November 6, 2009 at 4:06 pm
Hello All,
I have a query that uses 6 joins to produce a results set. It is in the form of:
Select A.field1, B.field2, C.field3, etc....
From Table A
Inner Join Table B
On A.field1 + A.field2 = B.field1 + B.field2
Inner Join Table C
On A.field1 + A.field2 = C.field1 + C.field2
Inner Join Table D
On A.field1 = D.field1 --this is needed to get D.field99
Inner Join Table E
On A.field1 + D.field99 = E.field1 + E.field2
Inner Join Table D
On A.field1 + D.field99 = F.field1 + F.field2
This query runs as expected and the results have been verified. But in looking back at it I confused as to how the SQL Server engine could process (reliably) two different tables on the same side of the join statement. It seems as though this would not work because the order of processing the joins is left up to SQL Server.
Should this work?
Would this work in other SQL databases?
Is there a better way?....CTE’s etc….
Thank you,
Lonnie
November 6, 2009 at 4:12 pm
lmeinke (11/6/2009)
Hello All,I have a query that uses 6 joins to produce a results set. It is in the form of:
Select A.field1, B.field2, C.field3, etc....
From Table A
Inner Join Table B
On A.field1 + A.field2 = B.field1 + B.field2
Inner Join Table C
On A.field1 + A.field2 = C.field1 + C.field2
Inner Join Table D
On A.field1 = D.field1 --this is needed to get D.field99
Inner Join Table E
On A.field1 + D.field99 = E.field1 + E.field2
Inner Join Table D
On A.field1 + D.field99 = F.field1 + F.field2
This query runs as expected and the results have been verified. But in looking back at it I confused as to how the SQL Server engine could process (reliably) two different tables on the same side of the join statement. It seems as though this would not work because the order of processing the joins is left up to SQL Server.
Should this work?
Would this work in other SQL databases?
Is there a better way?....CTE’s etc….
Thank you,
Lonnie
Would help if we could see the DDL for the tables involved. Just looking at what you provided doesn' really help much. Looking at the query, why are you doing things like this: On A.field1 + D.field99 = E.field1 + E.field2.

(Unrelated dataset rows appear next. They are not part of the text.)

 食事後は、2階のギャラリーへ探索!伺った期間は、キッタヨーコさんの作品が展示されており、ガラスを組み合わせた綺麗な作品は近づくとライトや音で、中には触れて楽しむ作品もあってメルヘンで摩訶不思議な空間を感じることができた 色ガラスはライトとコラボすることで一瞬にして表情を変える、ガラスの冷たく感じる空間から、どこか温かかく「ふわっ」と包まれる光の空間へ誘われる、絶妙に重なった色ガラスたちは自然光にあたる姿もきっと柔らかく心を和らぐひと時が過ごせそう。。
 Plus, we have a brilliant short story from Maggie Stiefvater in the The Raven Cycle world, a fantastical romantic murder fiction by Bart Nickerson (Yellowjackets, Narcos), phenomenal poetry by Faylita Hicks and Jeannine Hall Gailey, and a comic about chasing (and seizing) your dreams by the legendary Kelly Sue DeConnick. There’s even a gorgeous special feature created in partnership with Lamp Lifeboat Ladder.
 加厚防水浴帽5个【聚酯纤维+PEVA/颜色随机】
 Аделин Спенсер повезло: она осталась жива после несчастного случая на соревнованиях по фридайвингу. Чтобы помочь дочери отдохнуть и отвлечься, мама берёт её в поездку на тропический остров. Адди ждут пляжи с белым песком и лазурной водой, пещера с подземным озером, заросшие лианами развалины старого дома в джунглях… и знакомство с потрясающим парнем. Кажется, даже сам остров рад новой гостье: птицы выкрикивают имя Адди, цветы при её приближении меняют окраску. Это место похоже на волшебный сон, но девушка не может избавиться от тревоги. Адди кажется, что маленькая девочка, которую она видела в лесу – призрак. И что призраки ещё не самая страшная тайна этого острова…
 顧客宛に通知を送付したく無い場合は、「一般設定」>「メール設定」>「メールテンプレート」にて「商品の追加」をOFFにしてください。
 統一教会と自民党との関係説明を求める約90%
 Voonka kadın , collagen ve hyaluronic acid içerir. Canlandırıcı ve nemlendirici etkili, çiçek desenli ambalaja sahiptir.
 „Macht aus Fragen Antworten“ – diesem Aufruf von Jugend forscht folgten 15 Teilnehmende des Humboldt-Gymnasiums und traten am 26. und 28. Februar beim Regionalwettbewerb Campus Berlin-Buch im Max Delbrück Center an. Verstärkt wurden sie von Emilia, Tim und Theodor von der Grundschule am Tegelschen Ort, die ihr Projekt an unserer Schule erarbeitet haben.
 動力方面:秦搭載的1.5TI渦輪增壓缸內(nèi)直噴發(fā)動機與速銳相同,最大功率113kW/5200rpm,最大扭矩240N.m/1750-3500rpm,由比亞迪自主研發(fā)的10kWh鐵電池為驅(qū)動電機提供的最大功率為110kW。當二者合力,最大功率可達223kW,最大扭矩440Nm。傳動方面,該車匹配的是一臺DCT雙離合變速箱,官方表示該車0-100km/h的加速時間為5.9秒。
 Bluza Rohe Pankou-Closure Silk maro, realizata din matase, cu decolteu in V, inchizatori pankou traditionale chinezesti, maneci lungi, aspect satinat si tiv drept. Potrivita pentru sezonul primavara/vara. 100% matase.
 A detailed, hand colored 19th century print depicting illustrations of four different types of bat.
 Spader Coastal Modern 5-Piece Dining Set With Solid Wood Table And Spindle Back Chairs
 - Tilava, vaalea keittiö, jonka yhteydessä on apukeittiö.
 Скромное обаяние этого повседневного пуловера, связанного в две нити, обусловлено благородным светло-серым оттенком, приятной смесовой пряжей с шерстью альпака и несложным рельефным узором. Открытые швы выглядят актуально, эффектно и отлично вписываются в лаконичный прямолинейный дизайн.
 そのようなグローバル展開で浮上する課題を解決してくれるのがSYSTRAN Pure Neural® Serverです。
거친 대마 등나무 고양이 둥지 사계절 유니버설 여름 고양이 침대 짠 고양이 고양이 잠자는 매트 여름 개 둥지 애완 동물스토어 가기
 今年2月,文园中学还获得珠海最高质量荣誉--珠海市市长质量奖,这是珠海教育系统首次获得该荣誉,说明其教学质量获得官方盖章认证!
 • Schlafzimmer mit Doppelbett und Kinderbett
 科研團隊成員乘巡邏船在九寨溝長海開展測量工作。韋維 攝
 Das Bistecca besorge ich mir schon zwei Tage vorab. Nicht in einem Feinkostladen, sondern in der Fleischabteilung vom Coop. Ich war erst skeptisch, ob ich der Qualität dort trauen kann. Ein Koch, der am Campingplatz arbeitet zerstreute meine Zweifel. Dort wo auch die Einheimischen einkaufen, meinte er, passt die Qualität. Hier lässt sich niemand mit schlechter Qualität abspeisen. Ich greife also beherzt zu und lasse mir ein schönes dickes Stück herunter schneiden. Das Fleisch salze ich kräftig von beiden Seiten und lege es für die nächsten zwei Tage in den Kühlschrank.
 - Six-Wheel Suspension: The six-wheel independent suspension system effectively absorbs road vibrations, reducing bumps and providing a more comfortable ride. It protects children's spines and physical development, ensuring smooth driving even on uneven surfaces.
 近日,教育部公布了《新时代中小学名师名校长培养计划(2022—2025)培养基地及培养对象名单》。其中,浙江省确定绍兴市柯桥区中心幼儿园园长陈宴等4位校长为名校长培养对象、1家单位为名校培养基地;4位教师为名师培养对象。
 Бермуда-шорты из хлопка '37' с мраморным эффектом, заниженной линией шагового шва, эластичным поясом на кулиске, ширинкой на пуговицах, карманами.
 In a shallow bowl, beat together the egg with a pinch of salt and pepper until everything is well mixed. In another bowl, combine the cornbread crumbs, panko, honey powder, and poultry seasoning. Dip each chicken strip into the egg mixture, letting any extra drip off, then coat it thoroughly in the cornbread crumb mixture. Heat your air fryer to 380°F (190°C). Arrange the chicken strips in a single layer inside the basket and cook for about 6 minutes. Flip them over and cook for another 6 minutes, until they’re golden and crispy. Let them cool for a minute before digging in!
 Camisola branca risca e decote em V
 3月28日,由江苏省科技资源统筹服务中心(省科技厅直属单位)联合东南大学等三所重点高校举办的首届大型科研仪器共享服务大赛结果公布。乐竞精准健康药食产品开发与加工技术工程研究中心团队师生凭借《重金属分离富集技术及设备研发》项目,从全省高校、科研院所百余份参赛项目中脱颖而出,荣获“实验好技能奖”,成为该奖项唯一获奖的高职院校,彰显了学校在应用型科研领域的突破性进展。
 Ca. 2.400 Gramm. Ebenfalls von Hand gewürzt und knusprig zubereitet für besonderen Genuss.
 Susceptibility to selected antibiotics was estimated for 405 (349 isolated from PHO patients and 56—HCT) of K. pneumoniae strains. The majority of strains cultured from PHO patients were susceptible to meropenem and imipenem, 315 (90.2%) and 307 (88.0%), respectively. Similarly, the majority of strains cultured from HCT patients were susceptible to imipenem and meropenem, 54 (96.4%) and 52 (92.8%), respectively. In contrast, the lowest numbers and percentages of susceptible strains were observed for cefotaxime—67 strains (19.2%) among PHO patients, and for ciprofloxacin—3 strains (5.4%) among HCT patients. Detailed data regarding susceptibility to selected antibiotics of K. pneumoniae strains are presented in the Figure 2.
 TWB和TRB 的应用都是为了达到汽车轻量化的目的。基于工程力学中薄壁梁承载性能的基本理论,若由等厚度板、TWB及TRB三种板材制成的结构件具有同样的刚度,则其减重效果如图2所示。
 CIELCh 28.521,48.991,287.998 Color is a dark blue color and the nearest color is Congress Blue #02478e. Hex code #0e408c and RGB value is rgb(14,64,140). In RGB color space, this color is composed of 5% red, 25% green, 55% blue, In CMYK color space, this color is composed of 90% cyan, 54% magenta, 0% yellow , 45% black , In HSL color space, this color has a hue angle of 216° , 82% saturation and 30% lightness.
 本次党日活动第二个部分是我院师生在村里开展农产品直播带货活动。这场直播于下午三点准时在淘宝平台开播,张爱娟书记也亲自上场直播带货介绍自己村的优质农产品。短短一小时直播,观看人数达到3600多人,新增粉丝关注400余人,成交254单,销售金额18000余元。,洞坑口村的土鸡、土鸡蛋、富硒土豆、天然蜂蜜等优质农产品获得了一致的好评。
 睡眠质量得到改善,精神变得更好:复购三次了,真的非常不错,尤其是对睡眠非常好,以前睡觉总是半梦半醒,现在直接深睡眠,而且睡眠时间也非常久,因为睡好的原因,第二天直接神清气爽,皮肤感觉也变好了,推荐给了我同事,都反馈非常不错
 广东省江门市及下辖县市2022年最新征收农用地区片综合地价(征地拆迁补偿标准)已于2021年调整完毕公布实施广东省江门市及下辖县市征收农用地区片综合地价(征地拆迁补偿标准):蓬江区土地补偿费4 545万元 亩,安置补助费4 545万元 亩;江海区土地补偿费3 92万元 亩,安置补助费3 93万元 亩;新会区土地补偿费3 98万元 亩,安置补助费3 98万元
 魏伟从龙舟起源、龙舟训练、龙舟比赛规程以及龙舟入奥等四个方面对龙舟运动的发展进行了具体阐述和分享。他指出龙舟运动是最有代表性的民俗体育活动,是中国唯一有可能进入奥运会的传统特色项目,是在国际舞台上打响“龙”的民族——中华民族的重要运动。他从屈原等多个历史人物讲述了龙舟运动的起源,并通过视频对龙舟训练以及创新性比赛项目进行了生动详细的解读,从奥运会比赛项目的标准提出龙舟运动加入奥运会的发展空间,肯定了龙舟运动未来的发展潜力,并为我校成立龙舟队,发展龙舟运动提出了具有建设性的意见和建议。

November 6, 2009 at 7:15 pm
lmeinke (11/6/2009)
But in looking back at it I'm confused as to how the SQL Server engine could process (reliably) two different tables on the same side of the join statement. It seems as though this would not work because the order of processing the joins is left up to SQL Server. Should this work?
Hey Lonnie,
Yes it should work. The query optimizer is free to process the joins in any order, so long as the plan produces correct results. Specifying columns from multiple tables in the join adds constraints to the join order, since the engine must have the values of every column participating in the join before performing the join. So, the plan produced will always honour the dependencies built in to the join specifications, but the exact order of the joins, along with the join strategy used, will otherwise depend on estimated costs and built in transformation rules, in the normal manner.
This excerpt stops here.